Teaching

Teaching Philosophy Statement

As a teacher, I am committed to the ideals of a liberal education, and everything I do in the classroom flows from that commitment. The liberal arts tradition conceptualizes education as the formation of students who are well prepared to act in the public realm as men and women with both rights and responsibilities. Though the social and cultural sciences do not appear in classical or medieval lists of the “arts of freedom,” I believe these disciplines have a great deal to contribute to a contemporary expression of this pedagogical tradition. Thus, my primary objective as a teacher is to cultivate ethical consciousness, by which I mean the mental habits that enable students to make good judgements about ethical dilemmas.

If most people change careers several times in their working life, then attempts to define a good education in vocational terms are fundamentally flawed. Rather, let us follow John Henry Newman in The Idea of a University: “If then a practical end must be assigned to a University course, I say it is that of training good members of society.” Good members of society are thoughtful, well informed, and capable of making judgements about the issues of the day. Because this is a practical end, I try to make social-scientific theories and debates relevant to contemporary concerns. For example, in my course on advertising and consumerism, an analysis of capitalism as a historical phenomenon with morally significant consequences is grounded in students’ own experiences of shopping for and consuming goods. My aim is not to impose my positions on students but to put before them a problem, the means to analyze it, and the need that they themselves to take a position. In doing so, I hope to promote the set of intellectual habits that I have called ethical consciousness.

That being said, ethical judgement requires a firm foundation of knowledge in order to rise above mere opinion, and so I always strive for a high level of academic rigour in my classes. For example, rather than using textbooks, I assign readings from original scholarship—canonical and contemporary—wherever possible. While this can be challenging for lower-division students, it helps them learn to think with and through theory, introduces disciplinary conventions of writing and argumentation, and may demystify the Academy for those considering graduate school. Accumulating knowledge is not, in my view, an end in itself but rather a means to ethical agency. I care about teaching because I believe helping students understand our society enables them to make better choices as citizens and in their private lives.

This philosophy has translated into a fairly consistent method, though my approach is dependent on the level and size of the course in question:

  • Lectures are the primary mode of instruction in large classes, and I try to model my expectations of student work in lecture. After a brief recapitulation of relevant material, the week’s lesson is presented as an unfolding argument and is placed in the course’s overall trajectory. While my classroom is quite formal and lessons are highly structured, I pause frequently to ask and solicit questions and try to maintain a pace at which students can comfortably take notes. Slides are distributed in advance as an aid to note-taking; however, I gradually decrease the level of detail over the course of the semester in order to encourage students actively to select and process the information presented to them. I often support my lecture with multimedia, using short video clips to introduce or illustrate points. By the end of the lecture, I will have provided some orientation to the coming week’s topic and readings.
  • By contrast, I view small classes as environments in which students teach one another under the guidance of the instructor.
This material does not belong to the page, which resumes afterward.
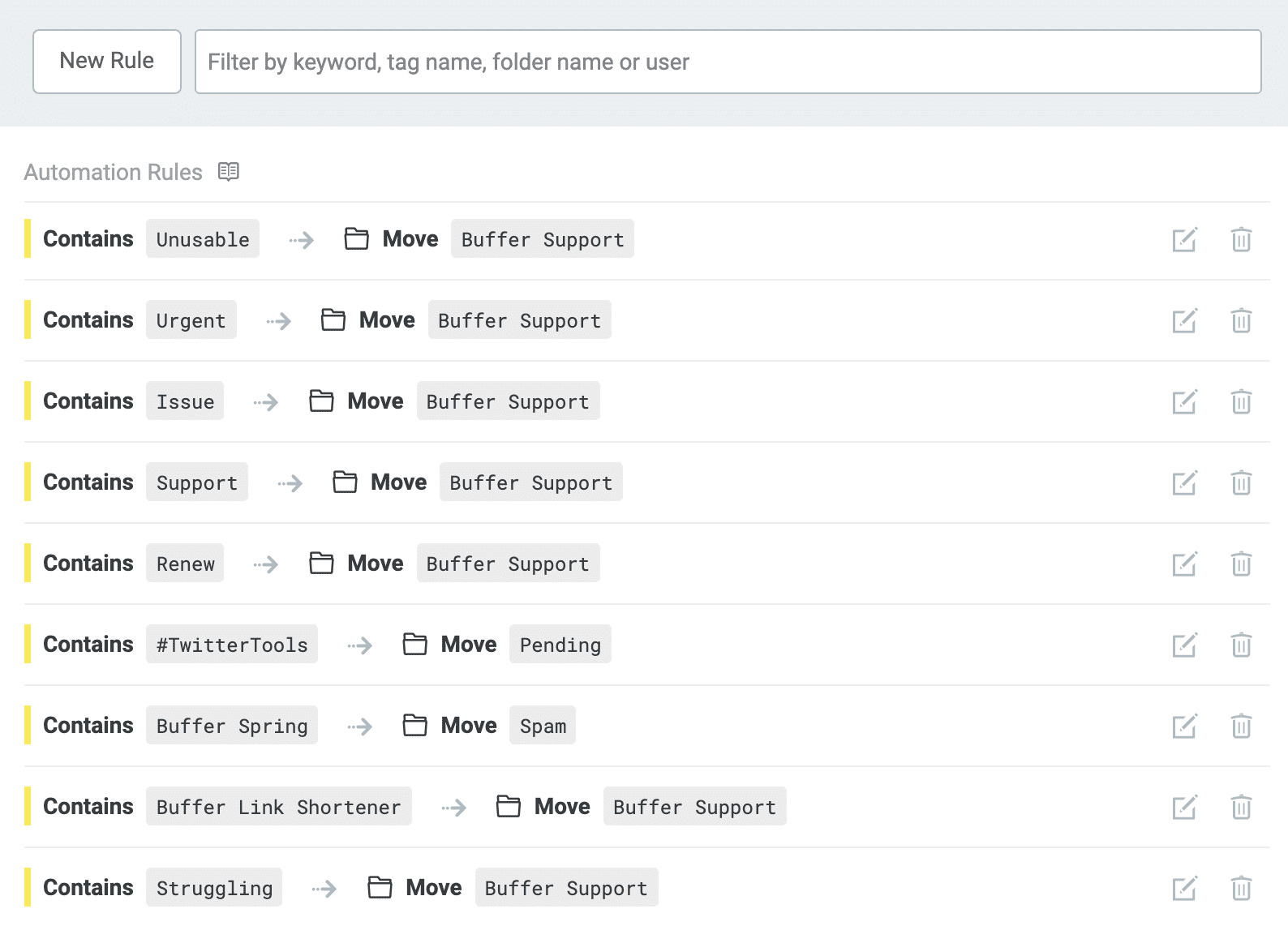 This is how we take the thousands of incoming messages each week and route them to the appropriate places. It’s how we handle spam, how we filter out non-Buffer “buffer” mentions, and so much more.

In seminars, I stress that students are responsible to one another for the quality of their experience. I also emphasize collegiality, encouraging students to learn one another’s names and often including group work in the structure of assignments. With lower-division students, I plan exercises to aid in their assimilation of course material and to model necessary skills. For example, I often conduct a group close reading in the first week to demonstrate the practice of active reading necessary for engaging with theoretical texts. Over time, however, I shift to more open discussions of issues arising from the week’s material. In upper-division classes, I usually require students to prepare some form of written work every week, such as a critical discussion question or reading journal. This prepared material is then used as the basis for group discussion.
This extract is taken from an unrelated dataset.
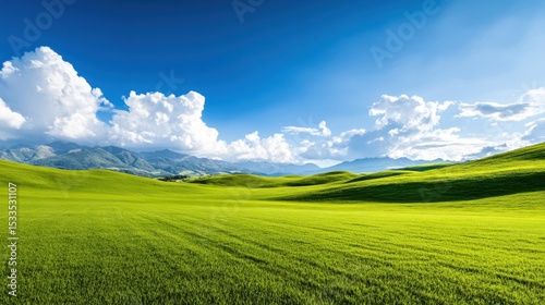 Obraz premium A vast, green empty pastureland with gentle rolling hills and distant mountains under a bright sunny sky.

I believe that the formation of the student, rather than the conveyance of information, is the ultimate goal of university teaching. This position entails a concern for the students themselves, a concern that I hope I am able to express in my courses. Despite contemporary class sizes, I seek to engage with my students as individual persons—I attempt to learn all of my students’ names and visit every tutorial section in order to meet them in a more personable setting. In lecture classes, I assign a short, ungraded writing assignment at the conclusion of each class. Reading these “one-minute papers” is not only a useful diagnostic tool but also helps me to get to know each student a little better. I comment on these assignments as seems fitting, often posing questions to prompt further reasoning and reflection. Students have expressed surprise and appreciation when I have been able to address them by name and discuss their work, and undergraduates who approach me to request reference letters explicitly state that they believe I know them better than any other instructor, which is very gratifying.

While I intend to continue improving and refining my pedagogical methods, I am deeply committed to the liberal-arts conception of the substantive point of education that I have outlined here. Teaching the social and cultural sciences as a liberal art has a transformative potential—in cultivating ethical consciousness it transforms lives and may thus play a role in transforming our society—a potential that I aspire to realize in my teaching.